Material supplied:
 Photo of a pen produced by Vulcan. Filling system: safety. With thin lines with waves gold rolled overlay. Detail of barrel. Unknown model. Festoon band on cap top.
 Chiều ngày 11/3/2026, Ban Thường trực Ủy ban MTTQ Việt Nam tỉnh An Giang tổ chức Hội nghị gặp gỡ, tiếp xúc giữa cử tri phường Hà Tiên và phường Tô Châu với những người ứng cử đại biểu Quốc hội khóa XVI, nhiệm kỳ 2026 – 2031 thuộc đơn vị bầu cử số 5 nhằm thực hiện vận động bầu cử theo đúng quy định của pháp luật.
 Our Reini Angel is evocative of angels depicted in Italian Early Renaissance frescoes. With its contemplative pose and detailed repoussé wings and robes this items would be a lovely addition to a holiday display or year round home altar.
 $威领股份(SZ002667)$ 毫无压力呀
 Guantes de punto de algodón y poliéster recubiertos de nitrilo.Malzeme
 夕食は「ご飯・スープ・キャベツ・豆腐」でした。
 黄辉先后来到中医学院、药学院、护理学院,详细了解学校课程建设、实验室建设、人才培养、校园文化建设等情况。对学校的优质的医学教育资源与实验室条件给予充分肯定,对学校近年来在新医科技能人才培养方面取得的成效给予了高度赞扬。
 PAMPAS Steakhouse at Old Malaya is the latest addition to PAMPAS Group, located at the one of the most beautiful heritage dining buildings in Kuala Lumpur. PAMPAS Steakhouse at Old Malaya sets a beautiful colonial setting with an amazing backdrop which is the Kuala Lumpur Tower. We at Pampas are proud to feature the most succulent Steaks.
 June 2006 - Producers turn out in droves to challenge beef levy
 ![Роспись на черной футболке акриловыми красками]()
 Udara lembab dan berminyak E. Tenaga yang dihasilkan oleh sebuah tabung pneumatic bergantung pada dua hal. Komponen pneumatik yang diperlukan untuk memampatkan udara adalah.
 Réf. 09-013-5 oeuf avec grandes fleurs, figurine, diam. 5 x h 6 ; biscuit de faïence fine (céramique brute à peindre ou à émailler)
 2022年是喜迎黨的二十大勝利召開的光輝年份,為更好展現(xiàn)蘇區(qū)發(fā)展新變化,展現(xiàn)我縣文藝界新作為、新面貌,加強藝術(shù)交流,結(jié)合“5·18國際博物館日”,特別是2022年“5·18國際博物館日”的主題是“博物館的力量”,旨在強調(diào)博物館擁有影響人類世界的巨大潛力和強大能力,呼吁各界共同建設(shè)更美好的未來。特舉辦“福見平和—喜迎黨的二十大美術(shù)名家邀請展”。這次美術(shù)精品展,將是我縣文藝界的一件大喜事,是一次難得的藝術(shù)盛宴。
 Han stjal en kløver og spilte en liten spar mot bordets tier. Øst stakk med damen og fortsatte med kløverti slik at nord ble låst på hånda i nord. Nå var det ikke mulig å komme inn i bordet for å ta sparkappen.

Goal of the exercise:
The data should be copied out in full, exactly as it reads.

Answer to the problem:
 Photo of a pen produced by Vulcan. Filling system: safety. With thin lines with waves gold rolled overlay. Detail of barrel. Unknown model. Festoon band on cap top.
 Chiều ngày 11/3/2026, Ban Thường trực Ủy ban MTTQ Việt Nam tỉnh An Giang tổ chức Hội nghị gặp gỡ, tiếp xúc giữa cử tri phường Hà Tiên và phường Tô Châu với những người ứng cử đại biểu Quốc hội khóa XVI, nhiệm kỳ 2026 – 2031 thuộc đơn vị bầu cử số 5 nhằm thực hiện vận động bầu cử theo đúng quy định của pháp luật.
 Our Reini Angel is evocative of angels depicted in Italian Early Renaissance frescoes. With its contemplative pose and detailed repoussé wings and robes this items would be a lovely addition to a holiday display or year round home altar.
 $威领股份(SZ002667)$ 毫无压力呀
 Guantes de punto de algodón y poliéster recubiertos de nitrilo.Malzeme
 夕食は「ご飯・スープ・キャベツ・豆腐」でした。
 黄辉先后来到中医学院、药学院、护理学院,详细了解学校课程建设、实验室建设、人才培养、校园文化建设等情况。对学校的优质的医学教育资源与实验室条件给予充分肯定,对学校近年来在新医科技能人才培养方面取得的成效给予了高度赞扬。
 PAMPAS Steakhouse at Old Malaya is the latest addition to PAMPAS Group, located at the one of the most beautiful heritage dining buildings in Kuala Lumpur. PAMPAS Steakhouse at Old Malaya sets a beautiful colonial setting with an amazing backdrop which is the Kuala Lumpur Tower. We at Pampas are proud to feature the most succulent Steaks.
 June 2006 - Producers turn out in droves to challenge beef levy
 ![Роспись на черной футболке акриловыми красками]()
 Udara lembab dan berminyak E. Tenaga yang dihasilkan oleh sebuah tabung pneumatic bergantung pada dua hal. Komponen pneumatik yang diperlukan untuk memampatkan udara adalah.
 Réf. 09-013-5 oeuf avec grandes fleurs, figurine, diam. 5 x h 6 ; biscuit de faïence fine (céramique brute à peindre ou à émailler)
 2022年是喜迎黨的二十大勝利召開的光輝年份,為更好展現(xiàn)蘇區(qū)發(fā)展新變化,展現(xiàn)我縣文藝界新作為、新面貌,加強藝術(shù)交流,結(jié)合“5·18國際博物館日”,特別是2022年“5·18國際博物館日”的主題是“博物館的力量”,旨在強調(diào)博物館擁有影響人類世界的巨大潛力和強大能力,呼吁各界共同建設(shè)更美好的未來。特舉辦“福見平和—喜迎黨的二十大美術(shù)名家邀請展”。這次美術(shù)精品展,將是我縣文藝界的一件大喜事,是一次難得的藝術(shù)盛宴。
 Han stjal en kløver og spilte en liten spar mot bordets tier. Øst stakk med damen og fortsatte med kløverti slik at nord ble låst på hånda i nord. Nå var det ikke mulig å komme inn i bordet for å ta sparkappen.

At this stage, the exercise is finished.